Pipeline and Recent Corporate Highlights
-- Reported Positive Clinical Results from Phase 2 VENTURE Study of
Subcutaneous VK2735 for Obesity in 1H24; To Advance into Phase 3
Development. VK2735 is a wholly owned dual agonist of the glucagon like
peptide-1, or GLP-1 receptor, and the glucose dependent insulinotropic
polypeptide, or GIP receptor, for the potential treatment of obesity and
other metabolic disorders. During the first quarter of 2024, Viking
announced positive top-line results from a Phase 2 study called VENTURE.

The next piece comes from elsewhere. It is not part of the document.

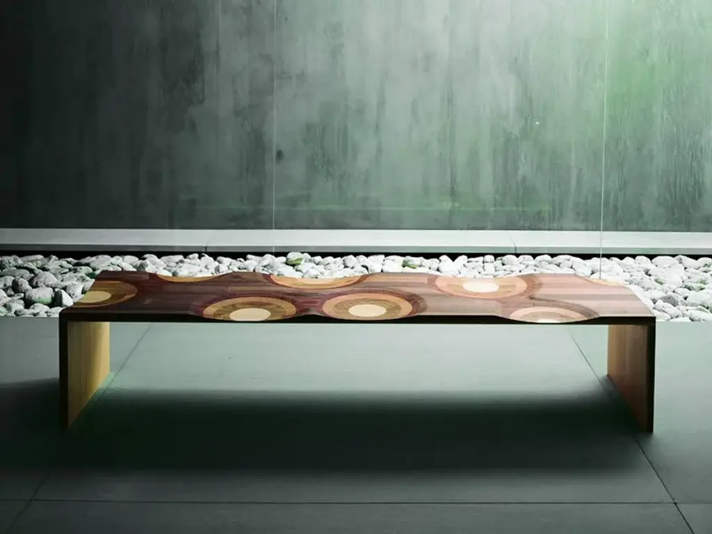 Ripples, winner of the 2004 Compasso d’Oro, is made of a laminated composite of five different solid woods. Slide your hand along the surface to enjoy the seamless transitions between walnut, mahogany, cherry, oak, and ash. This enveloping seat, carved with mastery, is hand-finished to produce an elegant polychromatic effect arising from the ductility of the wood. A true icon of international design, Ripples is a bench suitable for home users, commercial environments, and public spaces.Seat made from plywood using five different types of wood (walnut, mahogany, cherry, oak and ash). Inner metal reinforcement. Plywood legs with edging and walnut veneer (on the outside) and birch veneer (on the inside). Lower panel made from birch plywood, hot-press curved and with beech veneer. Vegetable oil finish. Adjustable feet.FINISHWalnut, mahogany, cherry, oak, ashDIMENSIONS (LxDxH)cm 200x50x40 - 78.8” x 19.7” x 15.7”
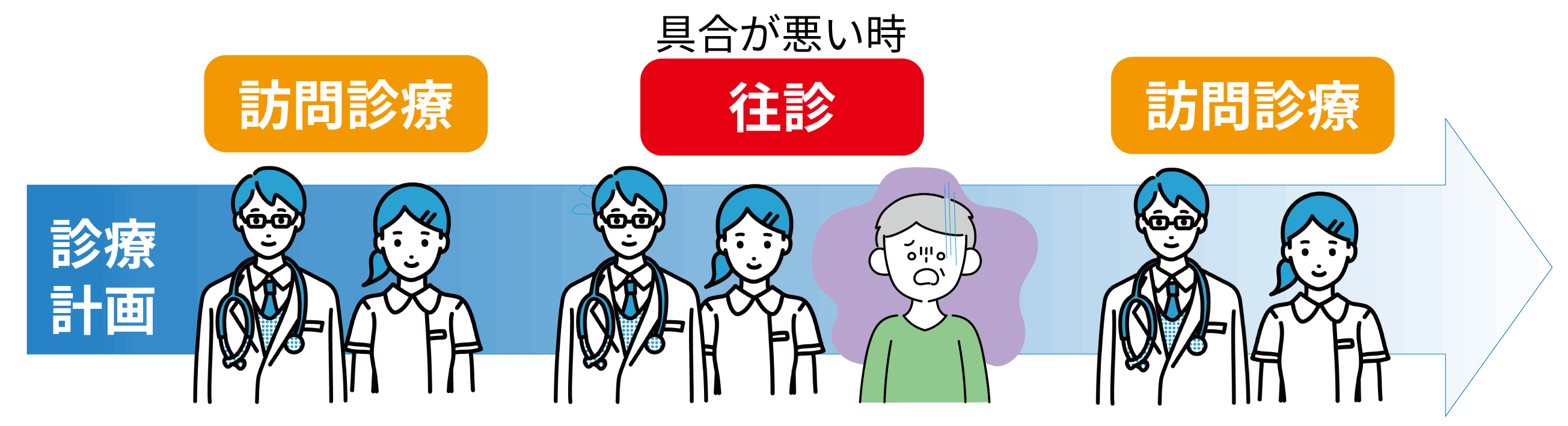 あらかじめ立てられた診療計画に基づいて、定期的(原則月2回)に医師が患者様のご自宅にお伺いする診療のことを指します。

This study was a randomized, double-blind, placebo-controlled
multicenter study designed to evaluate the safety, tolerability,
pharmacokinetics, and weight loss efficacy of VK2735, administered
subcutaneously, once weekly, for 13 weeks. The trial was designed to
enroll adults who are obese (BMI >=30 kg/m(2)) or adults who are
overweight (BMI >=27 kg/m(2)) with at least one weight-related comorbid
condition. The VENTURE trial successfully achieved its primary endpoint
and all secondary endpoints, with patients receiving VK2735
demonstrating statistically significant reductions in body weight
compared with placebo. Additionally, the study showed VK2735 to be safe
and well tolerated, with the majority of treatment emergent adverse
events (TEAEs) being categorized as mild or moderate. With respect to
the primary endpoint, patients receiving VK2735 demonstrated
statistically significant reductions in mean body weight from baseline,
ranging up to 14.7%, as well as statistically significant reductions in
mean body weight relative to placebo, ranging up to 13.1%. Statistically
significant differences compared to placebo were observed for all doses
starting at Week 1 and were maintained throughout the course of the
study. Weight loss in all treated cohorts appeared to be progressive
through 13 weeks and did not show evidence of plateauing. The company
believes further weight loss could be achieved through extended dosing
beyond the 13-week treatment period of this study.VK2735 also
demonstrated encouraging safety and tolerability in the VENTURE study,
with the majority of observed adverse events (AEs) being reported as
mild or moderate. Treatment and study discontinuation rates among VK2735
cohorts were well-balanced compared with placebo. Of gastrointestinal
(GI) related AEs, 95% were reported as mild or moderate. Across all
cohorts in the VENTURE study, GI-related AEs were most prevalent during
the first week of the study, with observed rates generally declining
through the remainder of the study.During the second quarter, Viking
received written responses to a U.S. Food and Drug Administration (FDA)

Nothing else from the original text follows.